Work item:
Your answer should hold only the lines from the start of the data below through the line with "-ОПИСАНИЕ: многофункциональная универсальная", copied exactly, with pictures left out.

Collected data:
☆ ☆ ☆ ☆ ☆
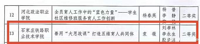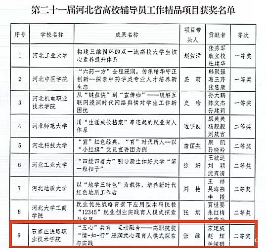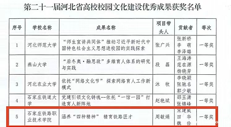 近日,河北省教育厅公布了第二十一届河北省高校思想政治工作成果评选结果。我院申报的《涵养“四种精神”精育铁路匠才》获河北省高校校园文化建设优秀成果一等奖;《善用“大思政课”打造五维育人共同体》获河北省高校思想政治创新案例二等奖;《“五心”共育 互动融合——高职院校“情-知-行”浸润式心理育人模式探索与实践》获河北省高校辅导员工作精品项目二等奖。
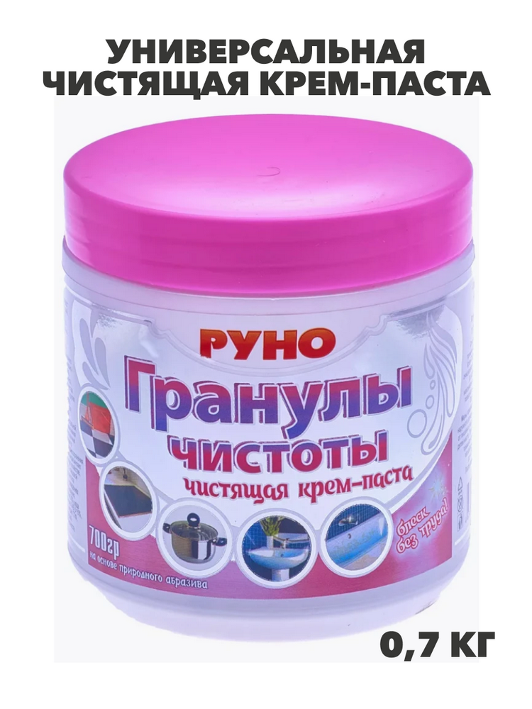 -ОПИСАНИЕ: многофункциональная универсальная крем - паста РУНО Гранулы Чистоты, на основе мягкого
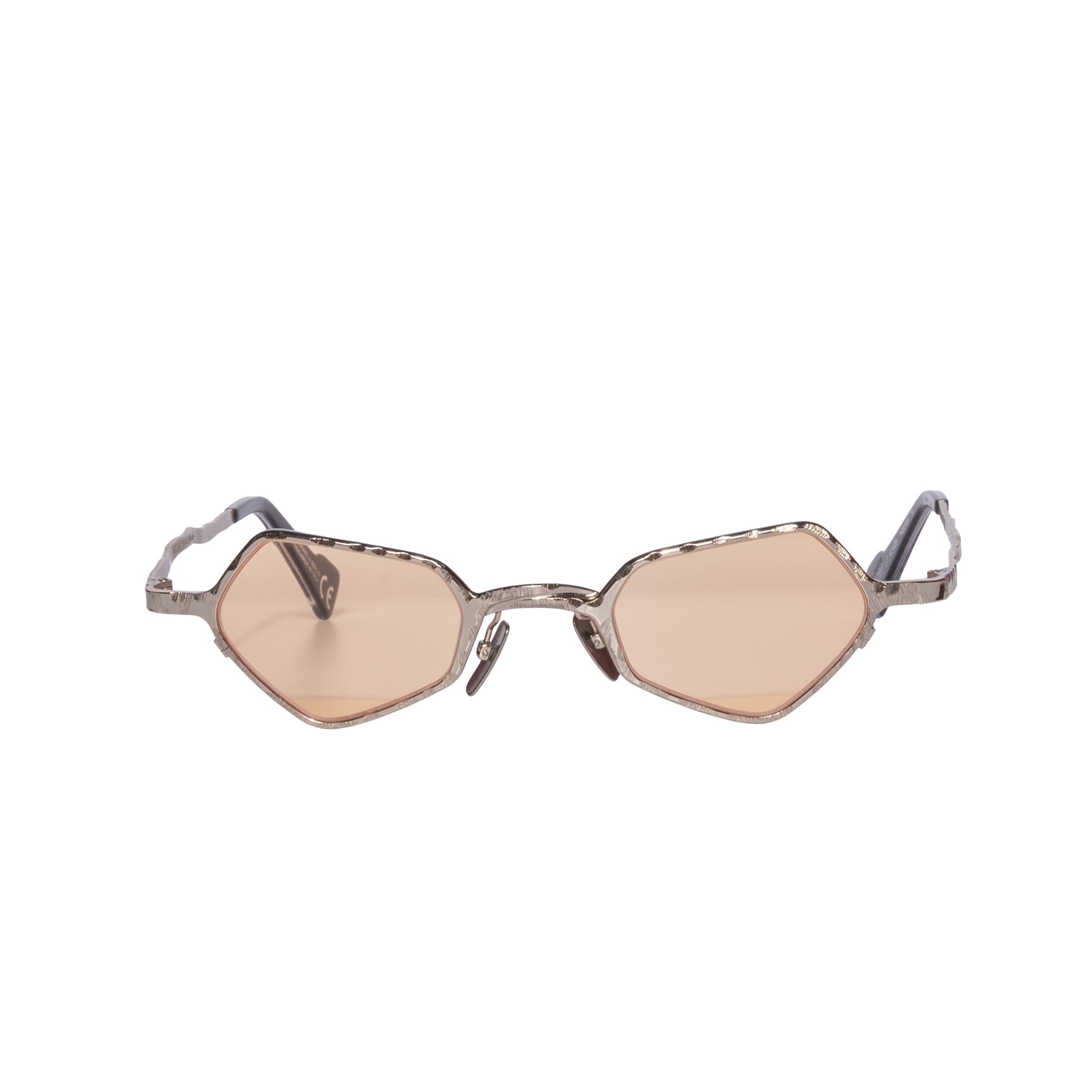Un' occhiale fatto a mano in metallo martellato nella colorazione silver unisex con lenti ocra antiriflesso interno dalla forma geometrica e naselli in titanio per un confort maggiore sul viso.
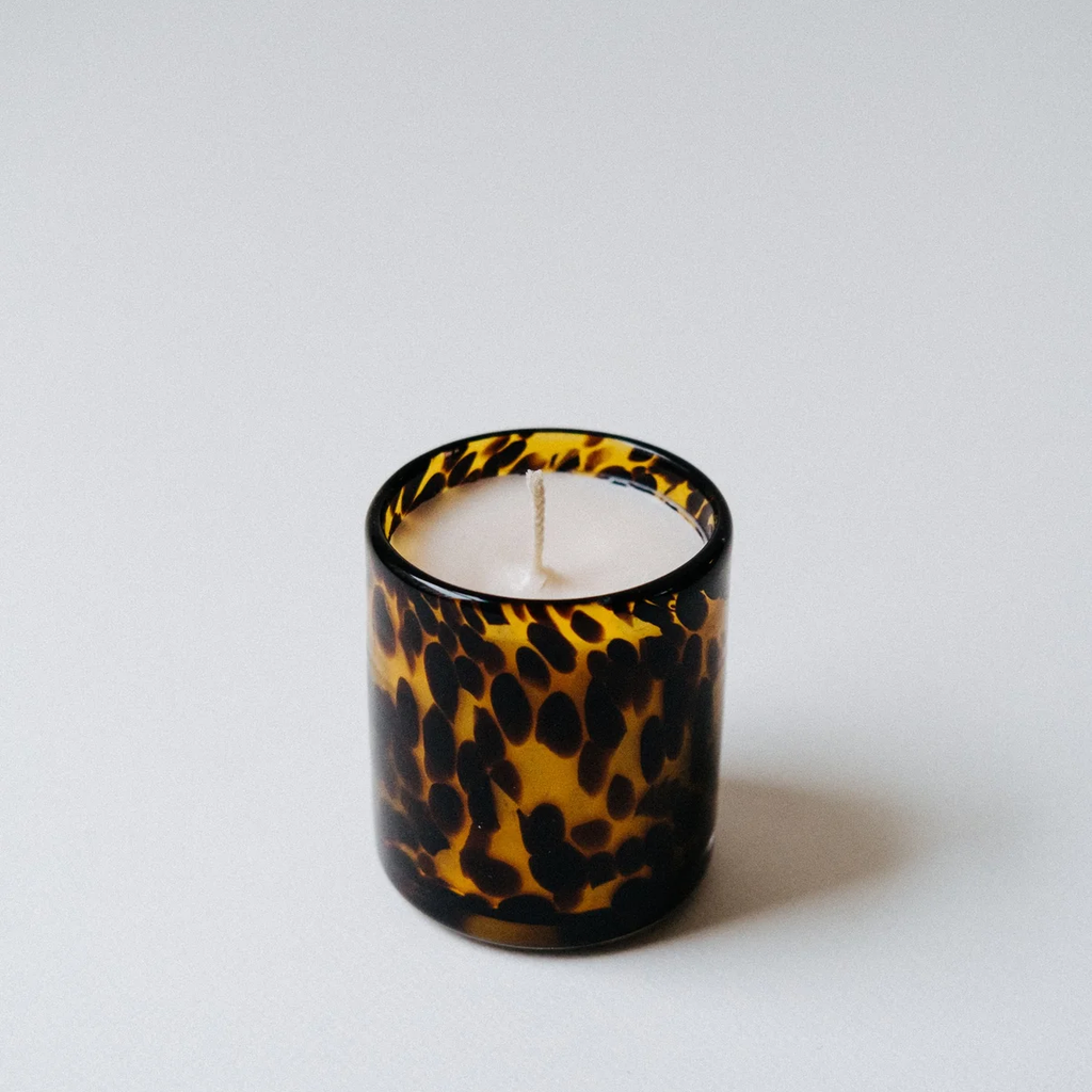 Leopard Glass Candle is made of 100% soy wax with notes of Tobacco-Dark Honey in a Belgian glass.
☆ ☆ ☆ ☆ ☆
Solution below:
 近日,河北省教育厅公布了第二十一届河北省高校思想政治工作成果评选结果。我院申报的《涵养“四种精神”精育铁路匠才》获河北省高校校园文化建设优秀成果一等奖;《善用“大思政课”打造五维育人共同体》获河北省高校思想政治创新案例二等奖;《“五心”共育 互动融合——高职院校“情-知-行”浸润式心理育人模式探索与实践》获河北省高校辅导员工作精品项目二等奖。
 -ОПИСАНИЕ: многофункциональная универсальная крем - паста РУНО Гранулы Чистоты, на основе мягкого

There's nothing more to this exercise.